最后的魔法是重复之前的所有步骤，为文件下载器准备链接：

host = 'http://www.chessgames.com'
for page in pages:
    url = host + page.get('href')
    req = requests.get(url)
    soup = BeautifulSoup(req.text, "lxml")
    file_link = soup.find('a',text=re.compile('.*download.*'))
    file_url = host + file_link.get('href')
    download_file(file_url)

（首先搜索描述中包含文本 'download' 的链接，然后构建完整的 url - 连接主机名和路径，最后下载文件）

希望您能不加修改使用此代码！

Answer 2

is fantastic but the task is embarrassingly parallel；无需一次一个地检索这些子页面和文件。这个答案展示了如何加快速度。

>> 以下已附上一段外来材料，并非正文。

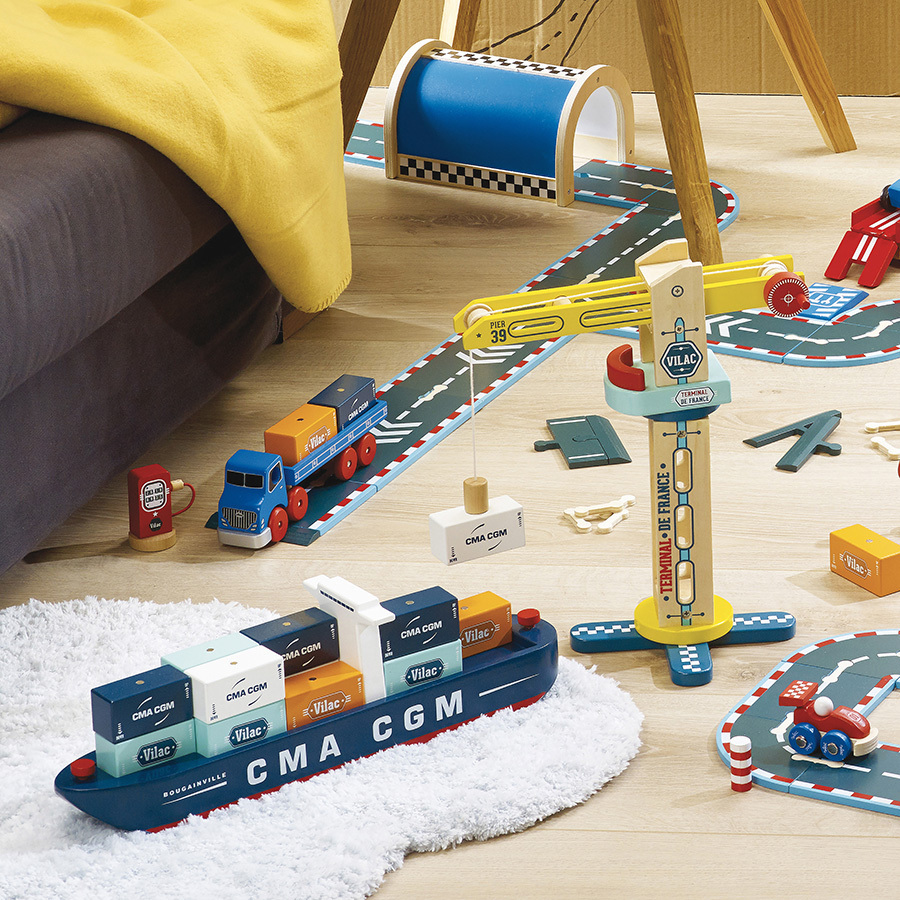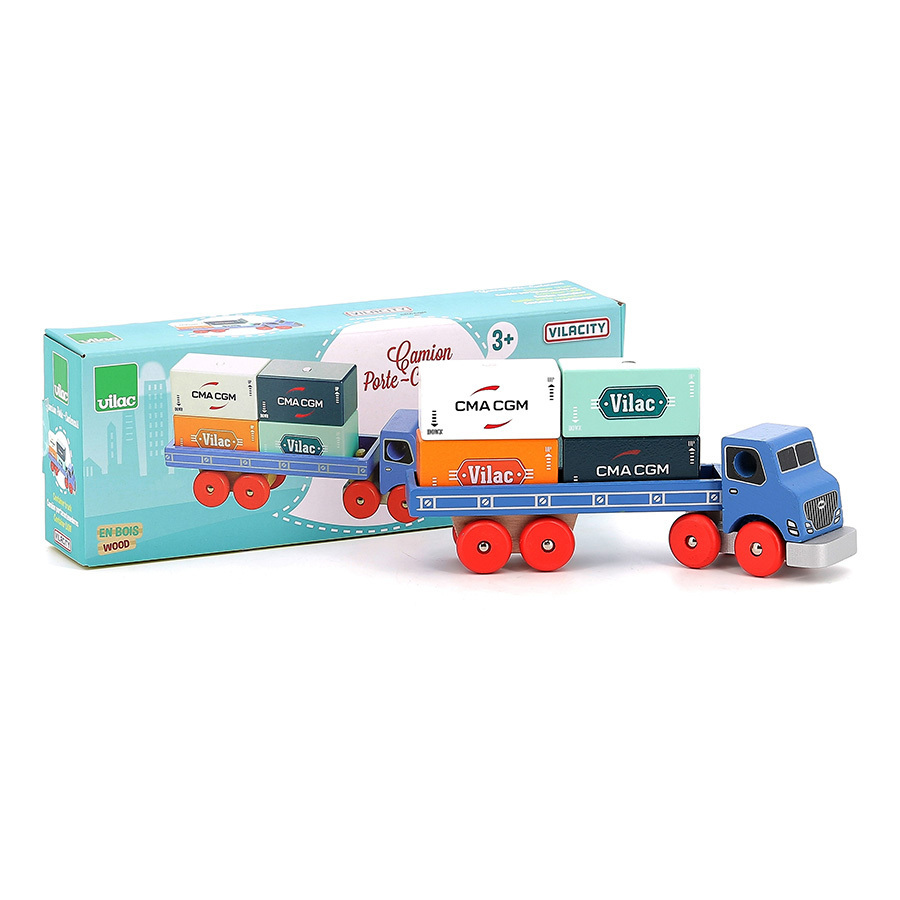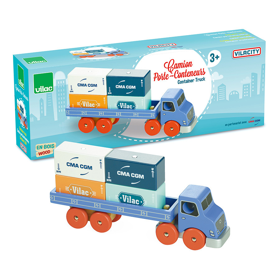 Fából készült vontató mágnesesen összekapcsolt konténerekkel, a vezető francia szállítmányozó társasággal, a CMA CGM-mel együttműködésben gyártva. A Vilacity kollekció része, és teljes mértékben kompatibilis annak minden alkatrészével, a további különálló bővítések változatosságot hoznak és elmélyítik a játékélményt.   Főbb jellemzők:vontató, pótkocsi és 4 konténermágneses kötésekkompatibilis a Vilac Vilacity kollekció összes elemévelkörnyezetbarát módon készült   V2357 – Vilacity kikötői daru (nem tartozéka a készletnek, megtalálható kínálatunkban):      V2356 – Vilacity teherhajó (nem része a készletnek, kínálatunkban megtalálható):      V2356S – Jacques Saadé Vilacity teherhajó (nem része a készletnek, kínálatunkban megtalálható):      Példa egy teherautó összeállítására a Vilacity kollekció más alkatrészeivel:
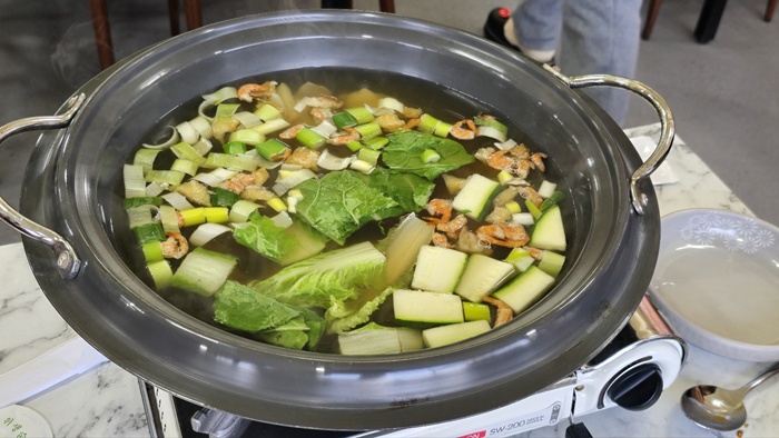 며칠 전 친구들과 함께 인천 영종도 무의도를 구경하고 강화로 드라이브를 갔는데 강화 동검도에도 큰 맘할머니순댓국집이 생겼네요. 해물칼국수도 직접 반죽하여 싱싱한 야채와 해산물로 육수를 내어 테이블에서 직접 끓여 먹을 수 있게 하고 있네요. 우리가 주문한 것은 해물칼국수와 큰 맘순댓국이었네요.

第一步是使用 requests 文档中的 requests.Session() when sending multiple requests to a single host. Quoting Advanced Usage: Session Objects：

The Session object allows you to persist certain parameters across requests. It also persists cookies across all requests made from the Session instance, and will use urllib3's connection pooling. So if you're making several requests to the same host, the underlying TCP connection will be reused, which can result in a significant performance increase (see HTTP persistent connection).

接下来，asyncio、多处理或多线程可用于并行化工作负载。每个都根据手头的任务进行权衡，您选择哪个可能最好通过基准测试和分析来确定。 This page 提供了这三者的很好的例子。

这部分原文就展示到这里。